▶ **SOURCE MATERIAL**:
______________________________

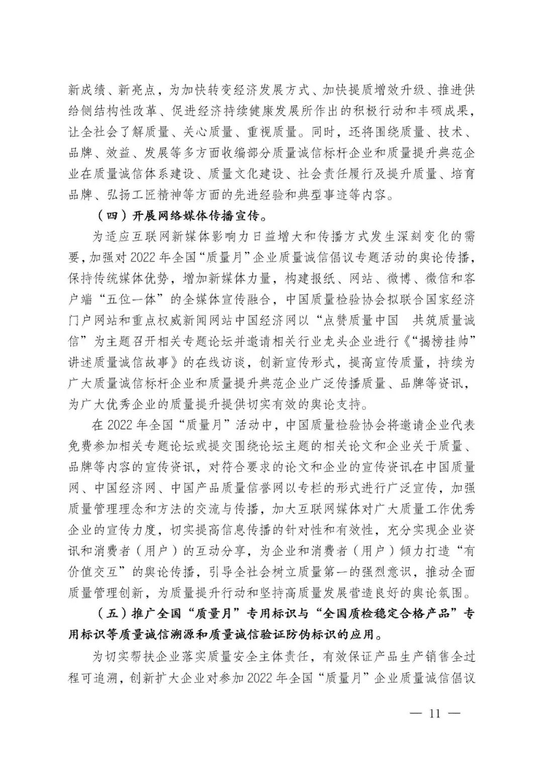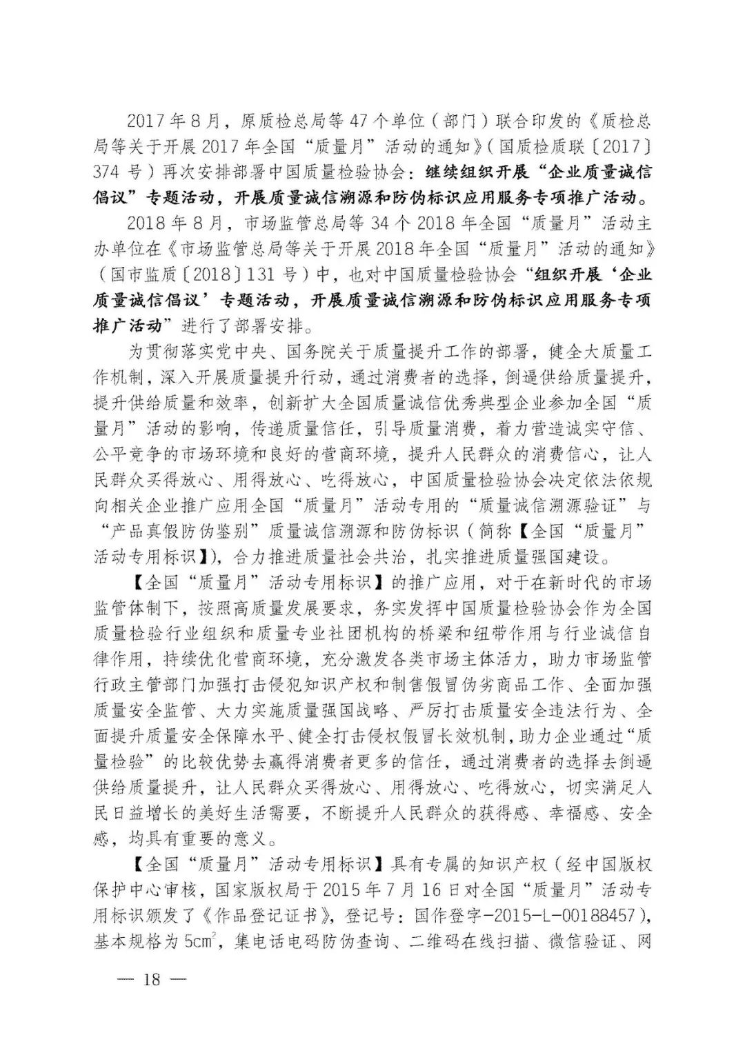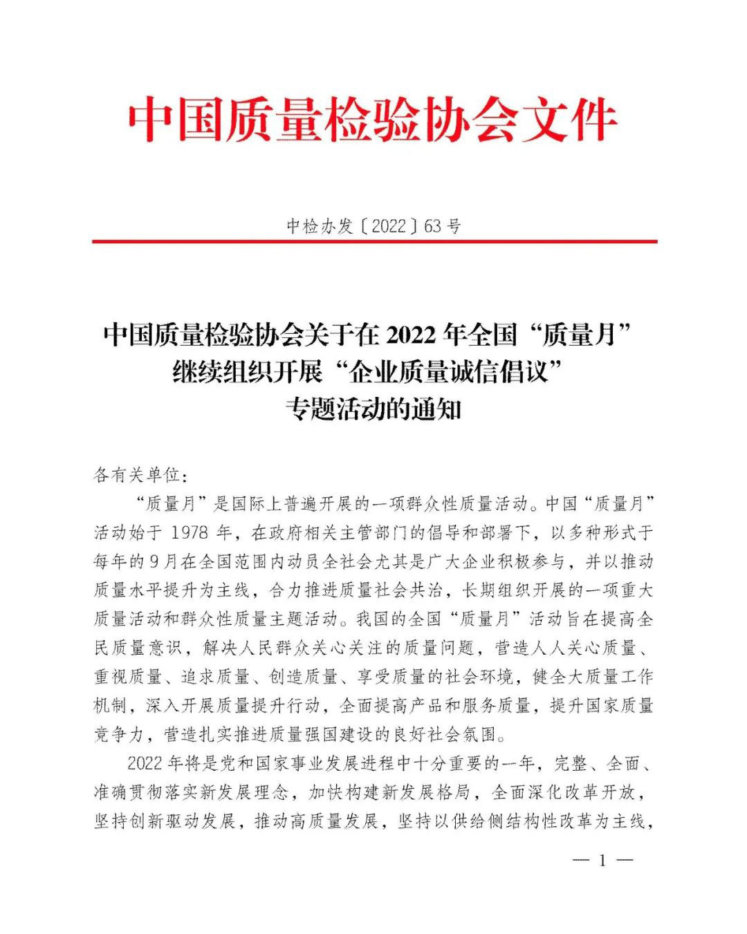 持續(xù)堅守,久久為功。45年來,全國“質(zhì)量月”活動參與者上億人次,中國質(zhì)量工作也歷經(jīng)了“質(zhì)量振興”“質(zhì)量發(fā)展”及至當下“質(zhì)量強國”的非凡歷程。中國質(zhì)量檢驗協(xié)會作為始于1996年就參與全國“質(zhì)量月”的親歷者,我們必將繼續(xù)努力舉辦好全國“質(zhì)量月”企業(yè)質(zhì)量誠信倡議專題活動,為助力擴大全國“質(zhì)量月”活動在廣大企業(yè)中的影響力作出不可或缺的積極努力。
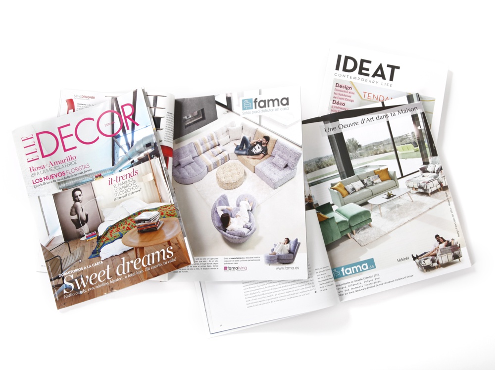 Fama Sofas, a lancé la nouvelle campagne publicitaire 2015 à niveau international dans les magazines. En Espagne, le magazine qui a été choisi est « Elle Décoration » dans lequel nous pourrons apprécier durant toute cette année dans chaque numéro, les tendances de tissus de la nouvelle collection de canapés 2015. En Inde, le magazine « Elle Décoration « a été également élu pour faire apparaître nos modèles dans le pays asiatique. En France, nous continuons une année de plus avec « IDEAT », un magazine qui est la référence dans le pays voisin, montrant les nouvelles tendances de design et confort pour cette année 2015 et de plus cette année, elles seront accompagnées de nos nouveaux designs de meubles pour jardin.
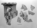 | Description: | Parts of the neck and shoulder preserved, the large neck fragment strengthened with plaster. Several fragments do not join. Double round handles with wide spiral bands. Band inside rim. Outer face of lip in two planes with alternating large dots, resembling a broad tongue pattern. In neck panels: front, part of a winged sphinx seated right; back, vegetal ornament. The fragments from the body preserve part of a large volute and lotus ornament (cf. P 4611) and two portions of figures, one the front legs of an animal walking right, the other the front legs of a seated sphinx(?). Glaze black to brownish; plentiful incision. Ζ 1662: Six additional fragments, joining. These give part of the neck and shoulder. On the neck: part of the haunch and wing of a sphinx crouched to right. On the shoulder: the upper part of a mounted man, to right; head in outline, body in black, incision for arm, double spiral filler in field behind. Black glaze much flaked. | |

______________________________

▶ **ASSIGNED TASK**: Transcribe, word for word, only the material from its opening line through the line containing "Fama Sofas, a", both ends included, and omit the pictures.

▶ **WRITTEN SOLUTION**:
 持續(xù)堅守,久久為功。45年來,全國“質(zhì)量月”活動參與者上億人次,中國質(zhì)量工作也歷經(jīng)了“質(zhì)量振興”“質(zhì)量發(fā)展”及至當下“質(zhì)量強國”的非凡歷程。中國質(zhì)量檢驗協(xié)會作為始于1996年就參與全國“質(zhì)量月”的親歷者,我們必將繼續(xù)努力舉辦好全國“質(zhì)量月”企業(yè)質(zhì)量誠信倡議專題活動,為助力擴大全國“質(zhì)量月”活動在廣大企業(yè)中的影響力作出不可或缺的積極努力。
 Fama Sofas, a lancé la nouvelle campagne publicitaire 2015 à niveau international dans les magazines. En Espagne, le magazine qui a été choisi est « Elle Décoration » dans lequel nous pourrons apprécier durant toute cette année dans chaque numéro, les tendances de tissus de la nouvelle collection de canapés 2015. En Inde, le magazine « Elle Décoration « a été également élu pour faire apparaître nos modèles dans le pays asiatique. En France, nous continuons une année de plus avec « IDEAT », un magazine qui est la référence dans le pays voisin, montrant les nouvelles tendances de design et confort pour cette année 2015 et de plus cette année, elles seront accompagnées de nos nouveaux designs de meubles pour jardin.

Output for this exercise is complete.